Smart Airline Baggage Management Testbed

The Smart Airline Baggage Management testbed, part of a broader aviation ecosystem vision, is aimed at reducing the instances of delayed, damaged and lost bags leading to lower economic risk exposure to the airlines; increasing the ability to track and report on baggage including location and weight changes to prevent theft and loss; and improve customer satisfaction through better communication including offering new value-added services to frequent flyers.

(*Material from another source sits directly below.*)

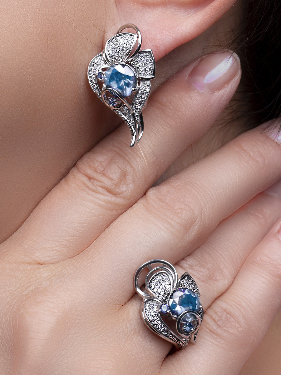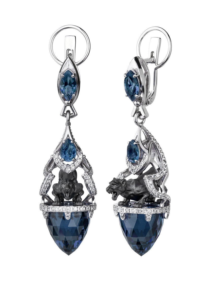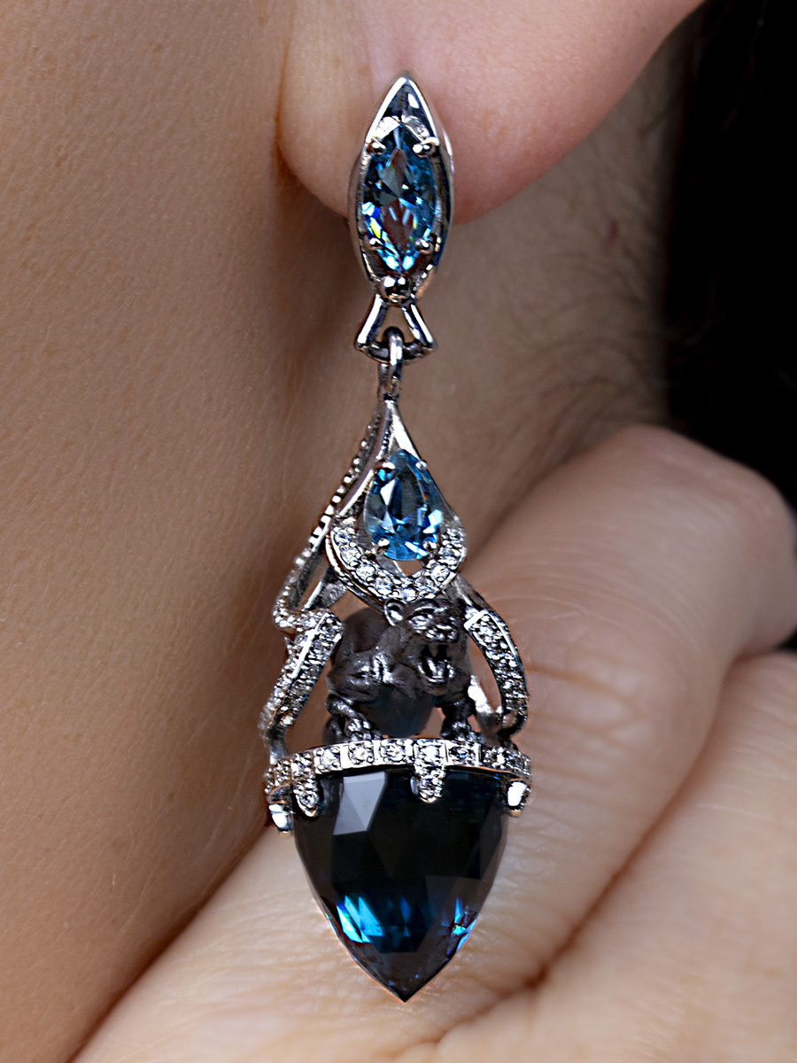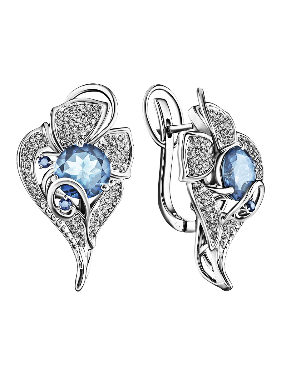 Ди АРС Серьги Дикая природа из серебра с топазом лондон синтетическим и фианитами
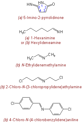 815.3 - A compound containing a group >C=NH may be named (a) from the corresponding -CH2 compound by means of a suffix "-imine" or, if a group having priority for citation as principal group is also present, by a prefix "imino-", or (b) by citing the name of the bivalent radicalExample to Rule C-815.2

The testbed is also aimed at helping airlines address the new baggage handling requirements set out by IATA in Resolution 753 requiring airlines to implement more comprehensive acquisition and delivery solutions for baggage tracking and handling by June 2018. This target is also outlined in the broader IATA 2015 White Paper titled "Simplifying the Business."

== Working Groups ==
As of September 2021, the IIC has six working groups: Technology, Security, Liaison, Marketing, Industry and Digital Transformation. The last two reflect the drive to enable technology end users to deploy technology in their businesses and transform them digitally (The Industry Working Group used to be called the Testbed Working Group, but now includes test drives and challenges, and groups focused on specific verticals. The Digital Transformation Working Group used to be named Business Strategy and Solution Lifecycle, but has now broadened its remit). Each working group has a number of subgroups to further specific challenges. Each IIC member company can assign company representatives to these groups.